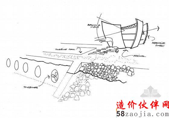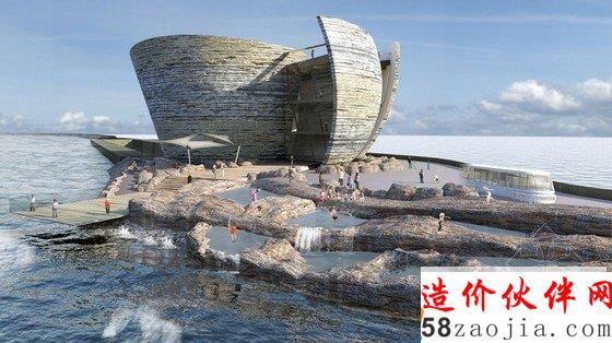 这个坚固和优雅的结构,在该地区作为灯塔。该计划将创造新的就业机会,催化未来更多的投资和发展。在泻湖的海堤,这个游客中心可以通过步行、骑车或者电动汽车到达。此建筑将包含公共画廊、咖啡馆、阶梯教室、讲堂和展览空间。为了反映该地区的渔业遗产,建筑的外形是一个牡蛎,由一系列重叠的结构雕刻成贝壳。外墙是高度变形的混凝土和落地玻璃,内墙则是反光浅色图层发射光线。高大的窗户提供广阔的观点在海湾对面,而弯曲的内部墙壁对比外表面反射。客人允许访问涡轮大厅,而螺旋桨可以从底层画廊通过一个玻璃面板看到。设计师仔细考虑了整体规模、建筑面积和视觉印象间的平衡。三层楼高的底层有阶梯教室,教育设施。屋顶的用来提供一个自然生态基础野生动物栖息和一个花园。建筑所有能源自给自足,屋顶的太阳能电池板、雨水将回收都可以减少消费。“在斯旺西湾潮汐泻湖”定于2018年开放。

...

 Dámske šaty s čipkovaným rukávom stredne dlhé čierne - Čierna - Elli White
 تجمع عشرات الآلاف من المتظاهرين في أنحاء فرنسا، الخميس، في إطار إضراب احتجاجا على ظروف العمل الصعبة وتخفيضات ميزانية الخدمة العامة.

--

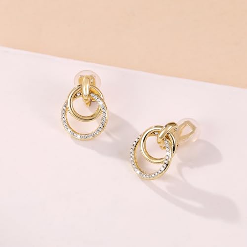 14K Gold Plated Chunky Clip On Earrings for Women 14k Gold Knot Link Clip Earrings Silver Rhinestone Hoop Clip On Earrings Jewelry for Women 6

#### Work instruction:
Among the records above, repeat exactly the line with "Dámske šaty s", the line with "تجمع عشرات الآلاف", and every line in between, and only those.

#### Output for this exercise:
 Dámske šaty s čipkovaným rukávom stredne dlhé čierne - Čierna - Elli White
 تجمع عشرات الآلاف من المتظاهرين في أنحاء فرنسا، الخميس، في إطار إضراب احتجاجا على ظروف العمل الصعبة وتخفيضات ميزانية الخدمة العامة.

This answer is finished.